1. Designed interface with HTML table inputs
2. Implemented factorial calculations in JavaScript
3. Added Fisher test probability computation
4. Integrated p-value summation for all extreme tables
5. Added responsive styling with CSS
6. Implemented clear/reset functionality
7. Added FAQ section with dynamic display

Frequently Asked Questions

1. When should I use Fisher's Exact Test?

Use Fisher's test when analyzing 2x2 contingency tables with small sample sizes (total n < 20) or when any cell count is less than 5. It's ideal for exact probability calculations in randomized experiments or observational studies with limited data.

2. How to interpret Fisher test results?

The p-value indicates the probability of observing the table arrangement or more extreme under the null hypothesis. A p-value < 0.05 suggests significant association between variables. Lower p-values indicate stronger evidence against the null hypothesis.
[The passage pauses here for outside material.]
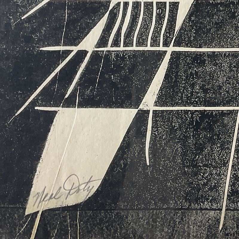 This is a one-of-a-kind linocut on paper by Neal Doty (1941-2016), hand signed by the artist. This piece comes custom framed. Includes Letter of Authenticity. Measures approx. 23.5" x 30" (frame), 16" x 22" (image).

3. Can Fisher's test handle large samples?

While possible, Fisher's test becomes computationally intensive for large samples. For n > 30, consider using Pearson's chi-square test instead. Fisher's exact test is most appropriate and efficient for small sample sizes.

4. What's the difference between one-tailed and two-tailed tests?

One-tailed tests examine deviation in one direction, while two-tailed consider both directions. Our calculator provides two-tailed p-values by default, summing probabilities of all tables as or more extreme than observed in either direction.

5. What are the test assumptions?

Assumes fixed marginal totals, independent observations, and mutually exclusive categories. Data should be from random sampling, and all cell counts must be non-negative integers.

6. How accurate are the results?

Results are exact probabilities calculated using factorials. Accuracy depends on numerical precision limitations in JavaScript. For very large numbers, approximations may occur due to floating-point arithmetic limitations.

7. Can I use decimal values?

No. Fisher's Exact Test requires integer counts representing observed frequencies. Decimal values are invalid as they can't represent actual event counts. Always round to nearest whole numbers before analysis.

8. What's the 'exact' in Fisher's test?

The 'exact' refers to the method of calculating precise p-values using hypergeometric distribution, unlike approximate methods like chi-square. It provides accurate results regardless of sample size.

9. How are extreme tables defined?

Extreme tables are those with cell frequencies that deviate from the observed table in the direction of the alternative hypothesis while maintaining the same marginal totals.

10. What alternatives exist for big data?

For large datasets, consider Pearson's chi-square test or G-test. For tables larger than 2x2, use the Freeman-Halton extension. Logistic regression is another alternative for complex analyses.